Millions of people watched a toe curling YouTube video of British footballer Joey Barton speaking English with a strange French accent – a sort of Franglais at a press conference in Marseille in 2012.
It’s funny for sure, and by now it must have humiliated the poor chap beyond belief – or maybe not as I don’t think he is known for much more than being able to kick a ball about. The strange thing is he seems utterly oblivious to what he’s doing; speaking Pidgin English with a French accent and sounding like he’s doing some slightly demented, not very good, Inspector Clouseau impression.
He is not alone.
Take my Dad. He was at a certain age when I bought this house in France, that age where behaving badly and embarrassing your children is something to be relished and practiced at every opportunity. He’s not with us anymore but I used to bring him out to France around twice a month – and he loved it here. But – he never really got the language and his preferred way of communication for the most part was to shout – in English.
So, in a supermarket – and believe me, I tried hard to get him to let me do the talking but he was very stubborn – he would stand at the charcuterie counter – point to the ham, stick up two fingers and shout at the top of his voice “TWO SLICES OF HAM PLEASE”. I tried to teach him the French word for ham – jambon, but he pronounced it “jumbo” which actually made matters worse.
We were in a bar once and a lovely young girl came over and asked what we’d like. Verre de vin rouge for me, bierre – Stella for my husband. Dad: “HAVE YOU GOT OLD THEAKSTONS PECULIAR”. As usual he had Stella in the end but he loved to ask for “SPITFIRE, SPECKLED HEN” or other very British beers everywhere we went.

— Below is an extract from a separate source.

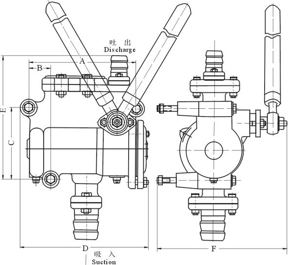 本型手搖泵適用于抽吸清水、汽油、煤油及對(duì)鐵和銅等無腐蝕性之液體,不適用于含有纖維或其它固體顆粒之液體。抽吸液體之溫度在60℃以下(系指皮碗式泵)。其性能范圍;流量為15-59升/分,大揚(yáng)程為30米。
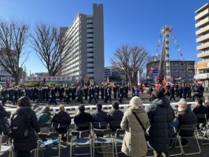 今年で創設60周年を迎える小平市消防団が3年ぶりに、小平駅南口ロータリーにて消防団出初式を実施しました。

The shouting was bad enough but Dad also used to make strange noises. He’d always been a bit like that – if we drove past a field of cows he’d make mooing noises, sheep, goats, horses – you name it. Highly entertaining most of the time especially when I was a kid. His French language skills used to be represented by a strange series of noises and words such as “alibongo ooo wawawa felomedobby” repeated over and over again. He told me once that he couldn’t remember what it meant but he was sure it meant something nice as he’d learned it from a “friendly French lady” he’d met in Jersey as a teenager. This he reserved for special occasions like when he met our French neighbours. I have never dared ask what they thought of him.